5. Activism is, likewise, not the right answer. Some of those who do not

resist use activism as a mean to increase their power and advance their

interests. This makes activism very visible, to the point of becoming an

infectious disease that spread to many, if not most, of those resisting

against the world as it is now. If the defect of belligerent strategies

was to understand the current war as one to be fought in a military

terrain, the failure of activism, including its abstract and moralist

tone, stems from the fact that it conceives the fight as taking place in

the argumentative realm. This means that, every demonstration, petition,

or attack is a publicity stunt, what is at stake is always to turn

enemies into sympathizers by convincing them of the righteousness of the

cause. For activism, disruption never aims for destitution, but for

sensibilization. At the hearth of the argumentative approach to struggle

is the severe disempowerment resulting from how it requires an

interlocutor (the government, the media, the “public opinion”…) on which

all the power to recognize or ignore demands resides. Our refusal of

activism should not be confused with an abandonment of all the tactics

traditionally associated with that strategy. There is nothing inherently

inadequate about demonstrations, marches, petitions, or boycotts, as

there is nothing inherently wrong with kidnappings, bombings, or

assassinations. The question is a strategic one: how to choose and

articulate them?

6. To win, we need to adopt, instead, a logic of social war. Social war

is the strategy that orients all tactical selection and articulation

towards the goal generalizing conflict across the social plane. It

consists of two interdependent processes: the contagious spread of

disruptive acts of dissent and their rooting in the social plane to the

point of being indistinguishable from it, creating the illusion of a

perfect overlap between resistance and population. While military

threats may be easily crushed, power as we know it is extremely

vulnerable to effective social war campaigns. In fact, terrorist and

guerilla movements have only been successful inasmuch as they manage to

subordinate their military logic to a social war strategy. Let us be

clear, social war requires no ideological or organizational unity

between those who resist. Victory, for this strategy, does not come from

planned coordination, but rather looks like the demolition of a building

plagued by thousands of cracks of different sizes and origins.

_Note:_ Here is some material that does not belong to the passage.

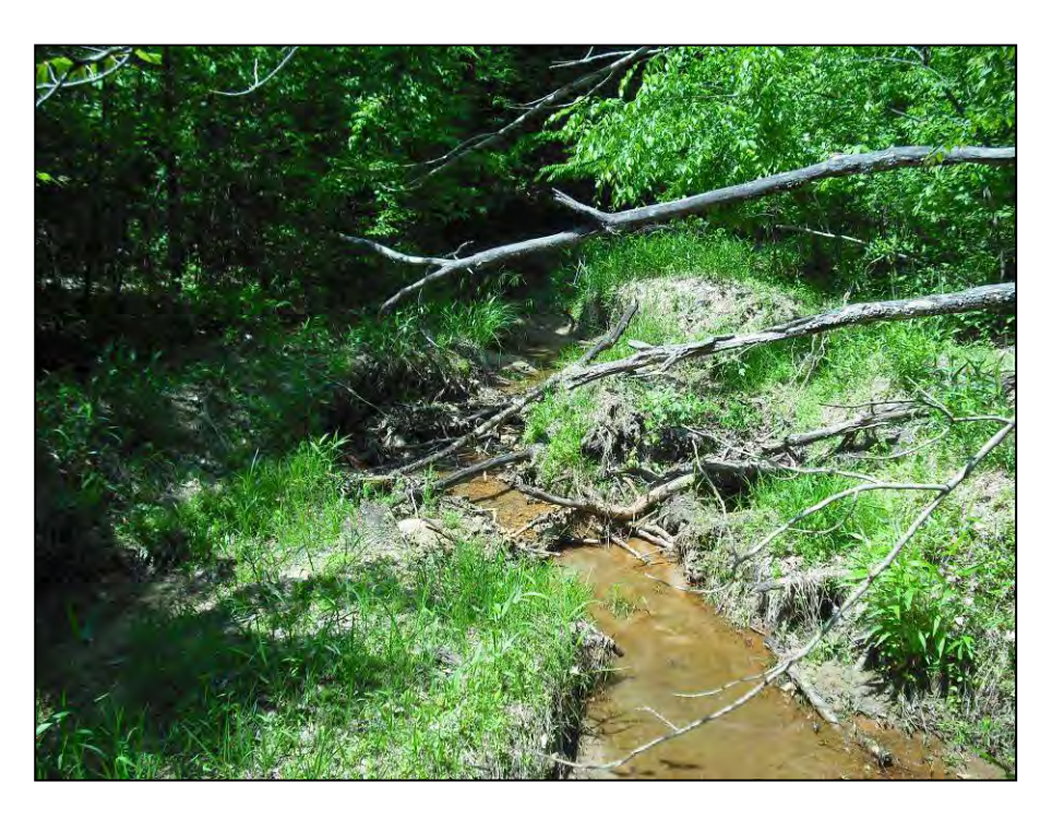
Photo 356: Water quality impairment approaching the downstream end of Reach 665-C.

7. Social war requires the intensification of social conflict, that is

to say, insurrection. The generalization of conflict across the social

plane is not achieved by softening struggles in search of the minimum

common denominator but, on the contrary, by the escalation of social

tensions into open hostilities. Such process corresponds to the

constitution of an insurrectionary force that derives all its power from

social conflict. Such a potency is inherently negative as it has

antagonism as its own end, relegating any demands, programs or political

projects to mere means towards it.

8. It also requires the material task of rooting conflict across the

social plane. Social war depends on the growth of the social permeation

of struggles. The greater obstacle to this has not come from our

enemies, but from the obstruction and mediation of antagonism by a class

of professionals of resistance. Hence, the strengthening of the

insurrectionary force stems from an intensification, multiplication and

permanence of conflict that can only be achieved by the following means:

privileging the use of tactics that are easily reproducible without the

need for any specialized technical knowledge; opting for direct action,

taking matters in our own hands without the mediation professional

activists; building and sharing the resources demanded at each point by

the struggle, be them spaces, knowledges, or social ties.